### Dataset entries
----------------------------------------
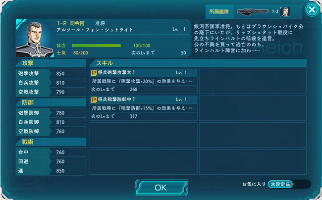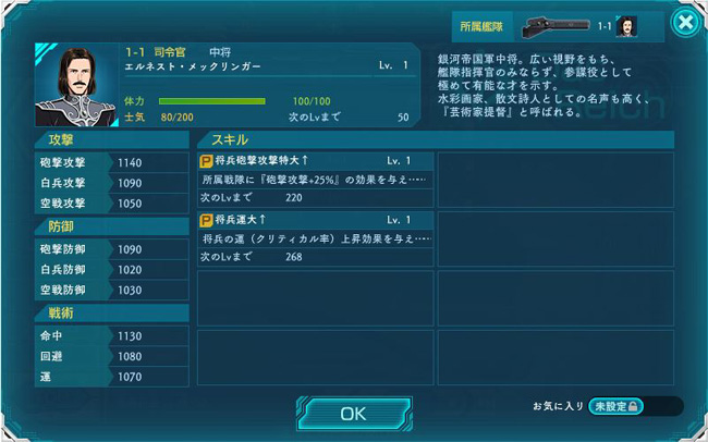 初期配備の提督が3人いるんですが、これってランダムなんですかね・・・? まずは3人の中で階級的に筆頭格のメックリンガー。芸術家提督の異名を持つ文人提督で、戦死者が続出したラインハルト揮下の提督の中で無事に最後まで生存した七元帥の1人でもあります。
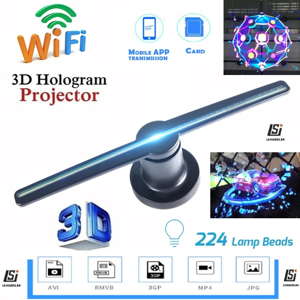 Projetor Holográfico 3D LED WiFi De Tela De Ventilador Holograma Reprodutor De Publicidade
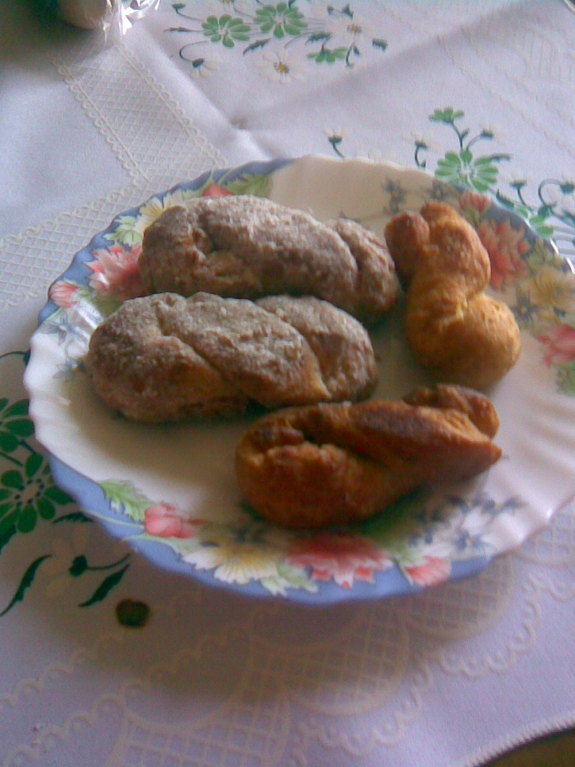 Vypracovat těsto, zabalit do fólie a nechat 30 minut odpočinout v lednici. Pak vyválet slabé „proužky“, uplést provazy a smažit v oleji. Teplé obalit ve skořicovém cukru (nemusí být).
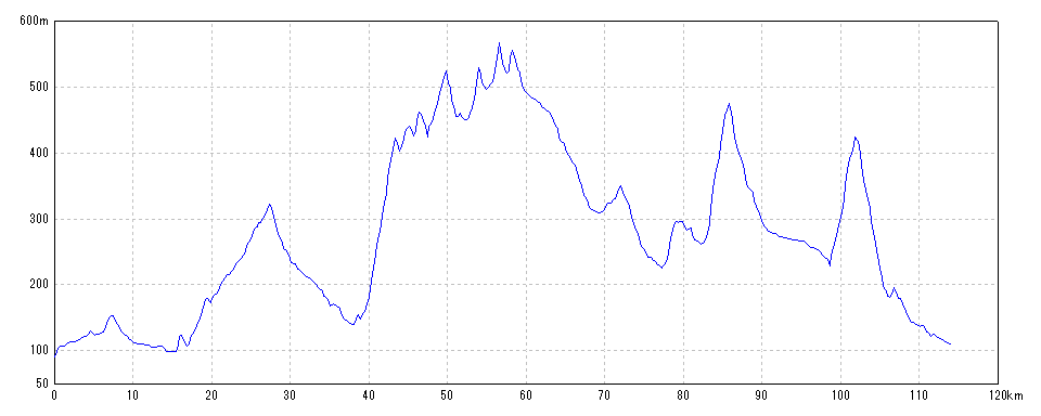 | 水平距離 | 114.18km | 沿面距離 | 114.40km |
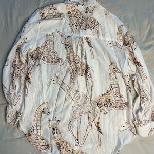 Jane + Delancey White Giraffe Print Button-Up Shirt Size Medium
----------------------------------------
### Task instructions
Print the listing verbatim, images excluded.

### Answer area
 初期配備の提督が3人いるんですが、これってランダムなんですかね・・・? まずは3人の中で階級的に筆頭格のメックリンガー。芸術家提督の異名を持つ文人提督で、戦死者が続出したラインハルト揮下の提督の中で無事に最後まで生存した七元帥の1人でもあります。
 Projetor Holográfico 3D LED WiFi De Tela De Ventilador Holograma Reprodutor De Publicidade
 Vypracovat těsto, zabalit do fólie a nechat 30 minut odpočinout v lednici. Pak vyválet slabé „proužky“, uplést provazy a smažit v oleji. Teplé obalit ve skořicovém cukru (nemusí být).
 | 水平距離 | 114.18km | 沿面距離 | 114.40km |
 Jane + Delancey White Giraffe Print Button-Up Shirt Size Medium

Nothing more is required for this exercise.